:: DIRECTIONS FOR THIS TASK ::
For this exercise, copy exactly the lines below from the one with "Η Ελλάδα, μέσω" through the one with "uplift any space." and leave out the pictures.

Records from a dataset
- - - -
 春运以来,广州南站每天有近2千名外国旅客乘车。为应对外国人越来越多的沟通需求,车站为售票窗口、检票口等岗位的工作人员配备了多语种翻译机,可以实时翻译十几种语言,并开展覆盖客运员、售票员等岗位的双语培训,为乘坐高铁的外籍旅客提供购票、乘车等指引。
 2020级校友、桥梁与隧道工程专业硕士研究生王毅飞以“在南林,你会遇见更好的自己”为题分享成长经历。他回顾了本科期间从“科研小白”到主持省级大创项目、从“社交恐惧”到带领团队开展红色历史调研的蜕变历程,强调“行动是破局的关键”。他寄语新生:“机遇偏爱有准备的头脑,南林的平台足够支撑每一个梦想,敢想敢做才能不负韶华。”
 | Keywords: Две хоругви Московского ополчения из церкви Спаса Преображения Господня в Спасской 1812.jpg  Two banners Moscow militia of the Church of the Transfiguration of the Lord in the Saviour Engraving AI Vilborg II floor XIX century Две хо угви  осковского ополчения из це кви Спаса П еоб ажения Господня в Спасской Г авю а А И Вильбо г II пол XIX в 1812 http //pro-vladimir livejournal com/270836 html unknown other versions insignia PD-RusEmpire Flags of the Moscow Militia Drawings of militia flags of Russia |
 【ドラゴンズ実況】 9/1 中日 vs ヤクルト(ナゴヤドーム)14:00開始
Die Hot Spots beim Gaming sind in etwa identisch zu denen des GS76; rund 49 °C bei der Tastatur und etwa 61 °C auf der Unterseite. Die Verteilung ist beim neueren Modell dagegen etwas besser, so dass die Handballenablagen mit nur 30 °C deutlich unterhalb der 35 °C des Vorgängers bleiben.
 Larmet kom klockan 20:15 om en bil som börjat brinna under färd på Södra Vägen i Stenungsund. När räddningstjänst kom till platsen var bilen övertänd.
- - - -
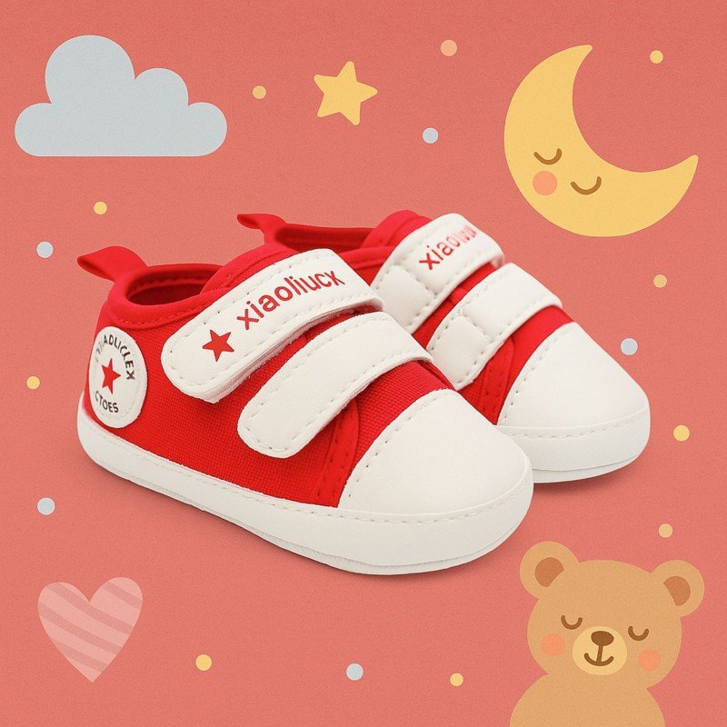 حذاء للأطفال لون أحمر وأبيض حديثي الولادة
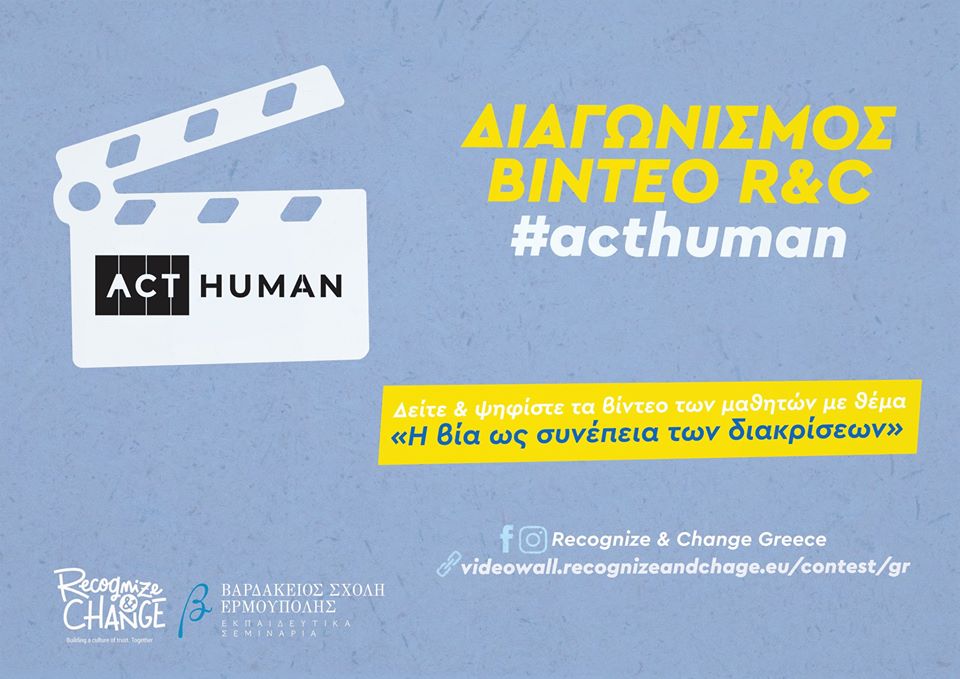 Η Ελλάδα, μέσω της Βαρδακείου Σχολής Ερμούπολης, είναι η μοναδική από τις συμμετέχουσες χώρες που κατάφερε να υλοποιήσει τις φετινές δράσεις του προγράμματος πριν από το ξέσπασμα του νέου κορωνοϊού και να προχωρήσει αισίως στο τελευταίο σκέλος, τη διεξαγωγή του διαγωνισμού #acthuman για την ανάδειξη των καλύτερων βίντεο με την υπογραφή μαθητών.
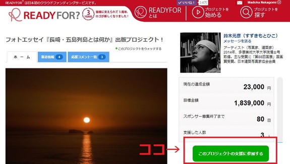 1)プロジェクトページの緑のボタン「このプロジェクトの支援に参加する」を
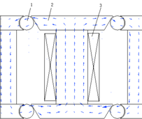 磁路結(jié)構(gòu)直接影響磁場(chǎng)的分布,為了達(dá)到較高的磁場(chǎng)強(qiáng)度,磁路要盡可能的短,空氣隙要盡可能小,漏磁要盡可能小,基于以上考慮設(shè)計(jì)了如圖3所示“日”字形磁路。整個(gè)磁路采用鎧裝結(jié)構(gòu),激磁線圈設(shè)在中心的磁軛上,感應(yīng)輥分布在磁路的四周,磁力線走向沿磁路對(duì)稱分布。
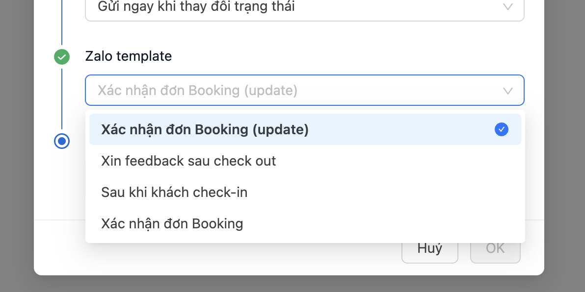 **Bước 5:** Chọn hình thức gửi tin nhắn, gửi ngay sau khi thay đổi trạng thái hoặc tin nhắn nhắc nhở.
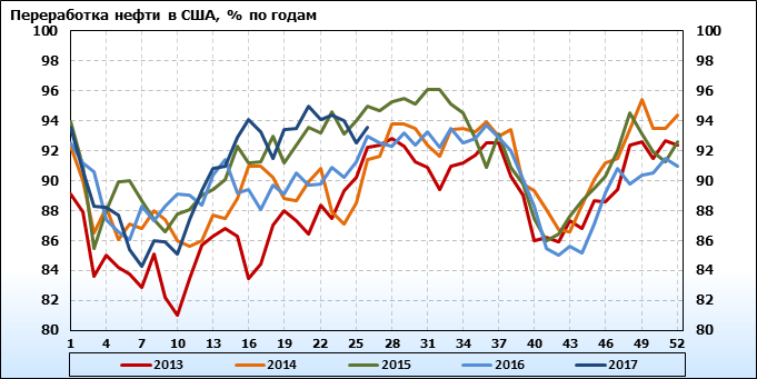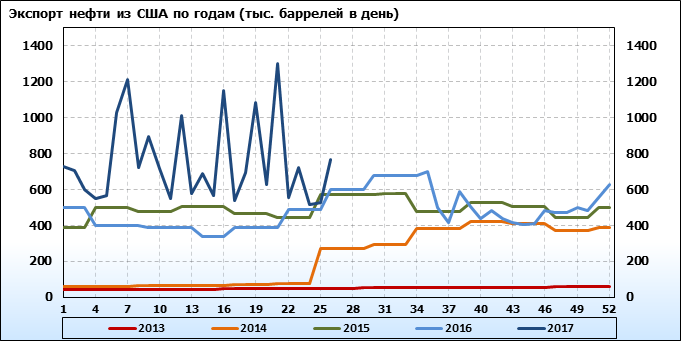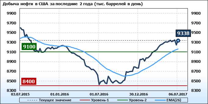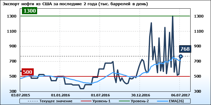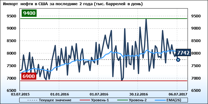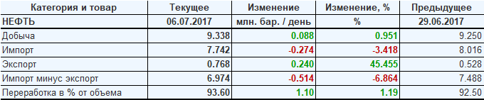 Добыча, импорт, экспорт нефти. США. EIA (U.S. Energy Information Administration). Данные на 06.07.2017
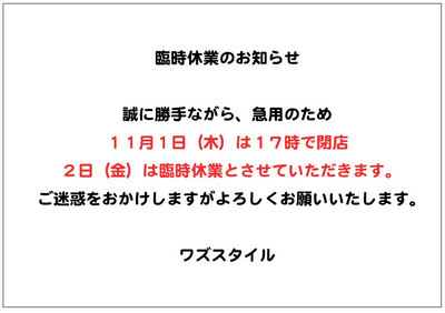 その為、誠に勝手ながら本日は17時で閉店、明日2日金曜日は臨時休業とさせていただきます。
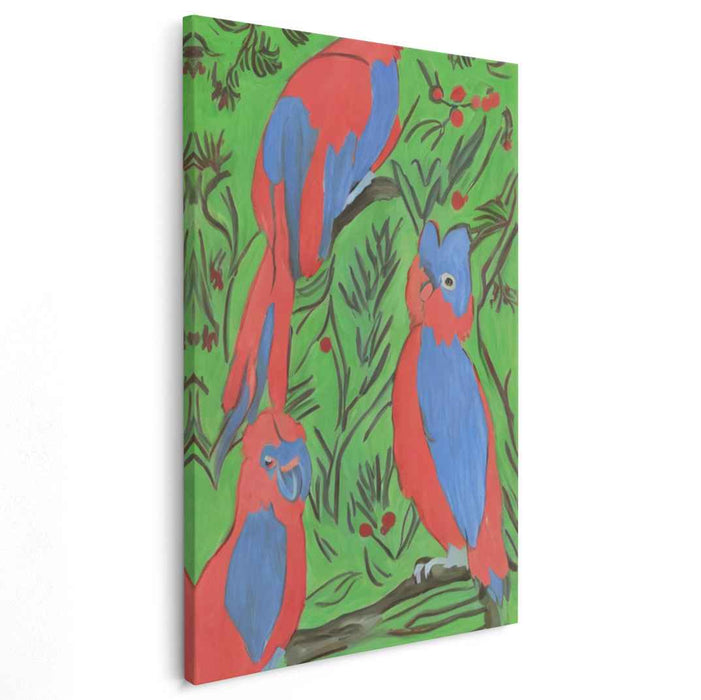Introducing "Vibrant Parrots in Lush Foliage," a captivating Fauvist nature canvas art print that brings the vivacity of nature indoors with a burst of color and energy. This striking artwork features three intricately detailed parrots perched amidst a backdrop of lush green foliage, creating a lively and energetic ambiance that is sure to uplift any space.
- - - -
:: SOLUTION TO THIS PROBLEM ::
 Η Ελλάδα, μέσω της Βαρδακείου Σχολής Ερμούπολης, είναι η μοναδική από τις συμμετέχουσες χώρες που κατάφερε να υλοποιήσει τις φετινές δράσεις του προγράμματος πριν από το ξέσπασμα του νέου κορωνοϊού και να προχωρήσει αισίως στο τελευταίο σκέλος, τη διεξαγωγή του διαγωνισμού #acthuman για την ανάδειξη των καλύτερων βίντεο με την υπογραφή μαθητών.
 1)プロジェクトページの緑のボタン「このプロジェクトの支援に参加する」を
 磁路結(jié)構(gòu)直接影響磁場(chǎng)的分布,為了達(dá)到較高的磁場(chǎng)強(qiáng)度,磁路要盡可能的短,空氣隙要盡可能小,漏磁要盡可能小,基于以上考慮設(shè)計(jì)了如圖3所示“日”字形磁路。整個(gè)磁路采用鎧裝結(jié)構(gòu),激磁線圈設(shè)在中心的磁軛上,感應(yīng)輥分布在磁路的四周,磁力線走向沿磁路對(duì)稱分布。
 **Bước 5:** Chọn hình thức gửi tin nhắn, gửi ngay sau khi thay đổi trạng thái hoặc tin nhắn nhắc nhở.
 Добыча, импорт, экспорт нефти. США. EIA (U.S. Energy Information Administration). Данные на 06.07.2017
 その為、誠に勝手ながら本日は17時で閉店、明日2日金曜日は臨時休業とさせていただきます。
Introducing "Vibrant Parrots in Lush Foliage," a captivating Fauvist nature canvas art print that brings the vivacity of nature indoors with a burst of color and energy. This striking artwork features three intricately detailed parrots perched amidst a backdrop of lush green foliage, creating a lively and energetic ambiance that is sure to uplift any space.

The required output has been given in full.